Una ricostruzione che passa anche dai profumi delle sue terre: l’azienda è nata da anni di ricerca e ha un valore scientifico e tecnologico molto alto che di fatto ha trovato terreno fertile in due laboratori dell’Università di Camerino. «Siamo nella facoltà di chimica e botanica, all’interno della scuola di scienze e tecnologie. E poi siamo nella scuola di farmacia. I nostri laboratori non sono stati danneggiati dal terremoto perché fuori dalla città, ma sono stati comunque puntellati».

Il core business di Mumo si intreccia col territorio: ad animare il progetto sono cinque soci, tra cui l’università e una agenzia di comunicazione. E l’obiettivo è di riportare la comunità ad essere comunità. «Siamo tornati a Camerino, vogliamo far ripartire il nostro paese».

Di fatto Mumo raccoglie le essenze tipiche del territorio e quindi lavora su un prodotto olfattivo per persone e ambienti. «Il marketing olfattivo ha una lunga tradizione nel mondo anglosassone,  noi abbiamo deciso di portarlo in Italia lavorando su una nicchia di appassionati e dando valore alla comunità», ricorda Emy, nella foto insieme a Roberta Grifantini, sua socia in questa impresa, nel campo del lavandeto di Camerino, produttori di varie tipologie di lavanda.

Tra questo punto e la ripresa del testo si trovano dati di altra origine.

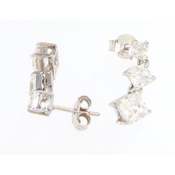 Σκουλαρίκια κρεμαστά σε λευκό χρυσο 14 καρατίων.Αποτελούνται απο τρία ζιρκόν που πλαισιώνονται με λευκόχρυσο σε σχήμα ρόμβου και ενώνονται μετξύ τους ώστε να κινούνται
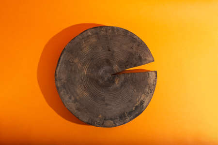 Flat lay with empty showcase of wooden circle podium on orange background
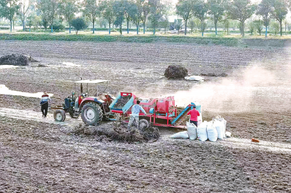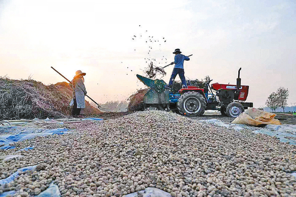 日前,正阳县清源街道李通村村民在地里抢收花生。
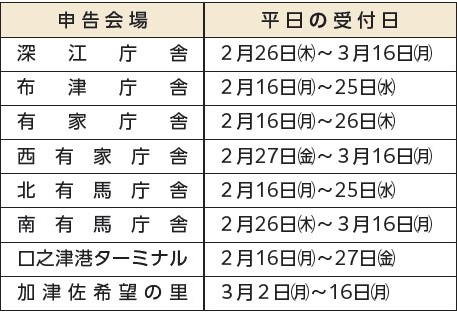 ※申告期間中、担当職員は全員申告会場に出向きますので、税務課・各支所での申告相談は行いません。
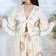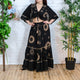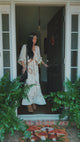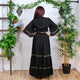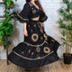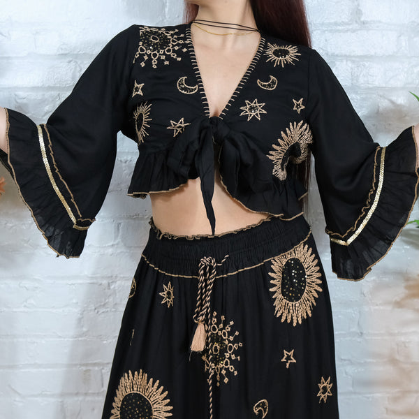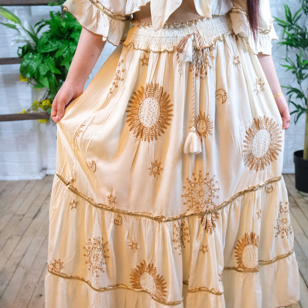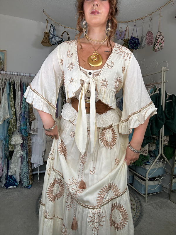 The Bohemian Embroidery Skirt with Ruffle Sleeve Top is a handmade, flowy tiered skirt that exudes bohemian style. The celestial embroidery adds a whimsical touch. The elastic waist with drawstring allows for adjustable comfort. Experience retro boho 90s fashion with this summer maxi skirt.

Il primo profumo ad essere prodotto è stato quello di Camerino, ovvero il profumo dei monti Sibillini. D’altronde da queste parti c’è una tradizione officinale aromatica risalente addirittura ai piceni. «Abbiamo adottato le erbe di questi monti e una in particolare chiamata il dragoncello: la primavera è il periodo di fioritura e questa erba è molto utilizzata in ambito alimentare. Ha un effetto speziato e balsamico».

Dal proprio territorio alle essenze in giro per l’Italia. Emy e il suo team hanno realizzato anche il profumo su Venaria Reale, riproducendo gli odori da un punto di vista storico e culturale e valorizzando le essenze dell’epoca tra barocco e neoclassico. E poi hanno prodotto il profumo di Acqualagna, insieme ad Alba capitale del tartufo bianco.